## ABOUT THIS EXERCISE
Starting with the line that has "16 नव्हेंबरला रोहित" and finishing with the line that has "Het standbeeld combineert", set down each line below exactly. Pictures are not copied.

## EXTRACTED MATERIAL
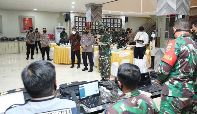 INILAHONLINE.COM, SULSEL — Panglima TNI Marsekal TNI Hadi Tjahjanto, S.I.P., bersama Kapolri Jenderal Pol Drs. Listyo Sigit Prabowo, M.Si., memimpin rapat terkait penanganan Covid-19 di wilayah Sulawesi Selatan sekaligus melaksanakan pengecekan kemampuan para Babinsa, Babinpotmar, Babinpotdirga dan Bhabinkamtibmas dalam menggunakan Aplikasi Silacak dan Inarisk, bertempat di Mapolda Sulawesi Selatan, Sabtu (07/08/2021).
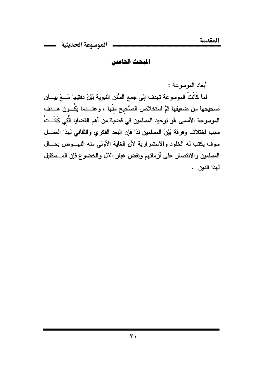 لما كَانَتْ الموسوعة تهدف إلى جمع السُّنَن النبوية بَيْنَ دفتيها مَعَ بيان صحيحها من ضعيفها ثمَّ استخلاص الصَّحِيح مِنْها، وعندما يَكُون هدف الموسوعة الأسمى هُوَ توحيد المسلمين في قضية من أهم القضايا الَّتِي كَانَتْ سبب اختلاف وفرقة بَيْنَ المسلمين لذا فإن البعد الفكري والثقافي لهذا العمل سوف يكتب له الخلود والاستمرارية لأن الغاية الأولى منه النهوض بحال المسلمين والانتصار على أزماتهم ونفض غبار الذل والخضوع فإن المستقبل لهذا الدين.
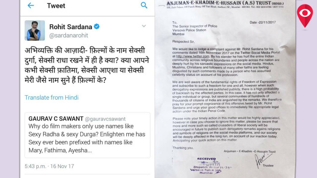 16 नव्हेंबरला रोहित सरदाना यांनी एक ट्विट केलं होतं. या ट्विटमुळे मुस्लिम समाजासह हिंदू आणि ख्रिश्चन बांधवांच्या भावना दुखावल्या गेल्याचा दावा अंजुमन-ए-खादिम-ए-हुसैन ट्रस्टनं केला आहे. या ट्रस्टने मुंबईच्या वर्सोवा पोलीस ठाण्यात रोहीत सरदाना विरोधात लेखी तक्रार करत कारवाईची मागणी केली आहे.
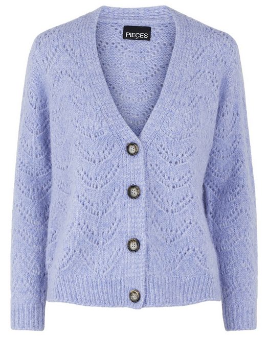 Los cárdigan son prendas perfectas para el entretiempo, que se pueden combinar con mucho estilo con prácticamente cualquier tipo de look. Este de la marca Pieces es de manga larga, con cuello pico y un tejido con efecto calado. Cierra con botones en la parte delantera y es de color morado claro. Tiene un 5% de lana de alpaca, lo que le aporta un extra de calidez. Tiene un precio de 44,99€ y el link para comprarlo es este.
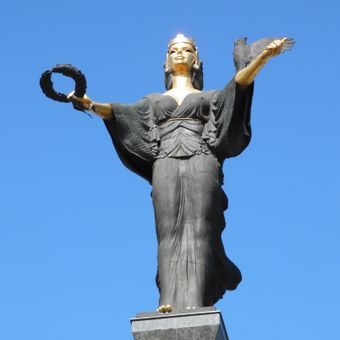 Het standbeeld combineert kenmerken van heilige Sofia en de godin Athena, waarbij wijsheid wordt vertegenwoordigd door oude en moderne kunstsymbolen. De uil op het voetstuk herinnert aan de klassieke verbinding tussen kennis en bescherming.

---

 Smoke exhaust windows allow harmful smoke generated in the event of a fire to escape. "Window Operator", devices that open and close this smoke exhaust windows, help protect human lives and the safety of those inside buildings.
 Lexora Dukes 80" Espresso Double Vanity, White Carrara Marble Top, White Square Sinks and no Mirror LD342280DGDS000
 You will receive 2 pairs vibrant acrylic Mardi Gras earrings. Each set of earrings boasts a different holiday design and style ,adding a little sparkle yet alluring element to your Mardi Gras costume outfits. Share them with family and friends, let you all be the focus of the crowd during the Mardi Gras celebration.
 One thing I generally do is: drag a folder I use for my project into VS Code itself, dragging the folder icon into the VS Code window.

## SOLUTION
 16 नव्हेंबरला रोहित सरदाना यांनी एक ट्विट केलं होतं. या ट्विटमुळे मुस्लिम समाजासह हिंदू आणि ख्रिश्चन बांधवांच्या भावना दुखावल्या गेल्याचा दावा अंजुमन-ए-खादिम-ए-हुसैन ट्रस्टनं केला आहे. या ट्रस्टने मुंबईच्या वर्सोवा पोलीस ठाण्यात रोहीत सरदाना विरोधात लेखी तक्रार करत कारवाईची मागणी केली आहे.
 Los cárdigan son prendas perfectas para el entretiempo, que se pueden combinar con mucho estilo con prácticamente cualquier tipo de look. Este de la marca Pieces es de manga larga, con cuello pico y un tejido con efecto calado. Cierra con botones en la parte delantera y es de color morado claro. Tiene un 5% de lana de alpaca, lo que le aporta un extra de calidez. Tiene un precio de 44,99€ y el link para comprarlo es este.
 Het standbeeld combineert kenmerken van heilige Sofia en de godin Athena, waarbij wijsheid wordt vertegenwoordigd door oude en moderne kunstsymbolen. De uil op het voetstuk herinnert aan de klassieke verbinding tussen kennis en bescherming.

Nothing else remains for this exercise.